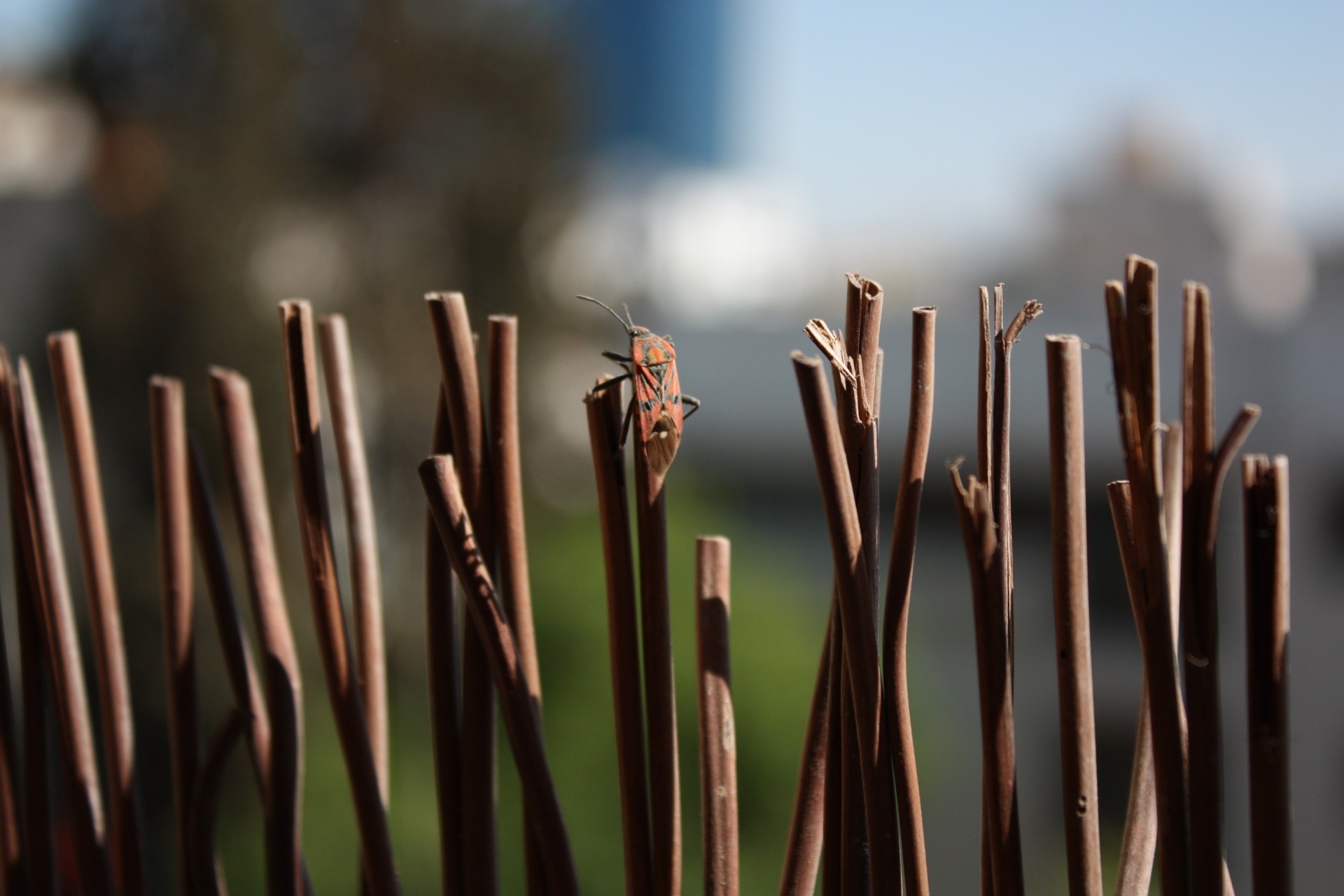 Das Insekt verkleidete sich auf Zweigen mit einem unscharfen Hintergrund
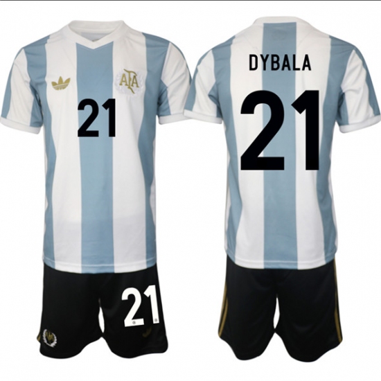 Men's Argentina #21 Dybala White Blue 2024-25 50th Anniversary Home Soccer Jersey Suit
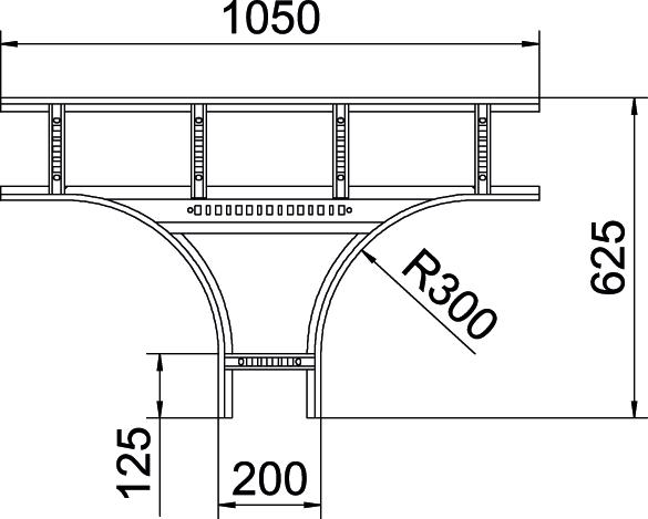 ProductbeschrijvingT-stuk, horizontaal met gelaste sporten, voor alle types kabelladder met een zijhoogte van 110 mm.
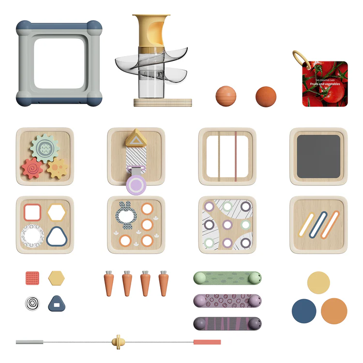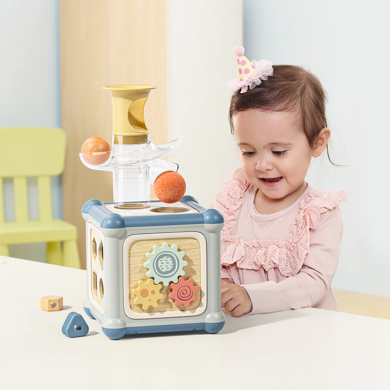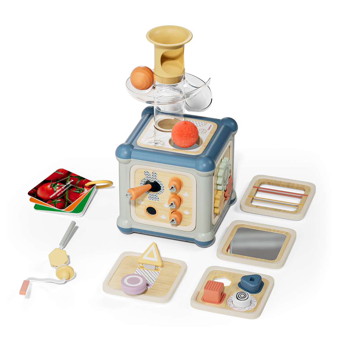 Multifunktionales Spielzeug mit austauschbaren Würfelseiten für jede Menge Feinmotorik-Herausforderungen
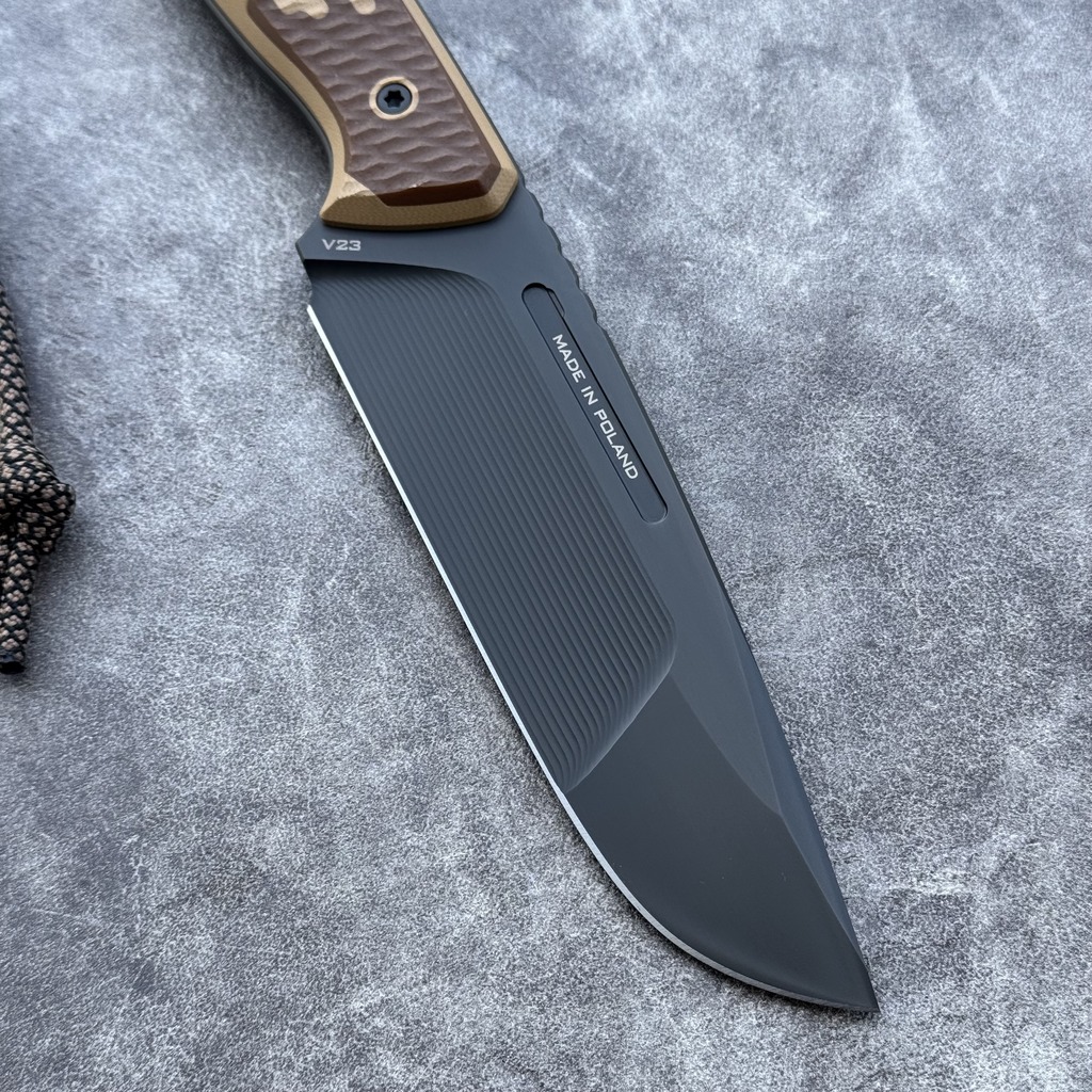 *The presented knife has a blade made of extremely durable Vandis 23 steel with excellent hardness (61-62 HRC), coated with a black DLC coating. The blade has a so-called double grind (DG), combining a groove grind in the central part with a flat grind in the rest. The blade near the spine is decorated with a double-sided fuller, reducing the weight of the blade.

Task prompt
Give an exact copy of the listing above that leaves out every picture.

Output
 Das Insekt verkleidete sich auf Zweigen mit einem unscharfen Hintergrund
 Men's Argentina #21 Dybala White Blue 2024-25 50th Anniversary Home Soccer Jersey Suit
 ProductbeschrijvingT-stuk, horizontaal met gelaste sporten, voor alle types kabelladder met een zijhoogte van 110 mm.
 Multifunktionales Spielzeug mit austauschbaren Würfelseiten für jede Menge Feinmotorik-Herausforderungen
 *The presented knife has a blade made of extremely durable Vandis 23 steel with excellent hardness (61-62 HRC), coated with a black DLC coating. The blade has a so-called double grind (DG), combining a groove grind in the central part with a flat grind in the rest. The blade near the spine is decorated with a double-sided fuller, reducing the weight of the blade.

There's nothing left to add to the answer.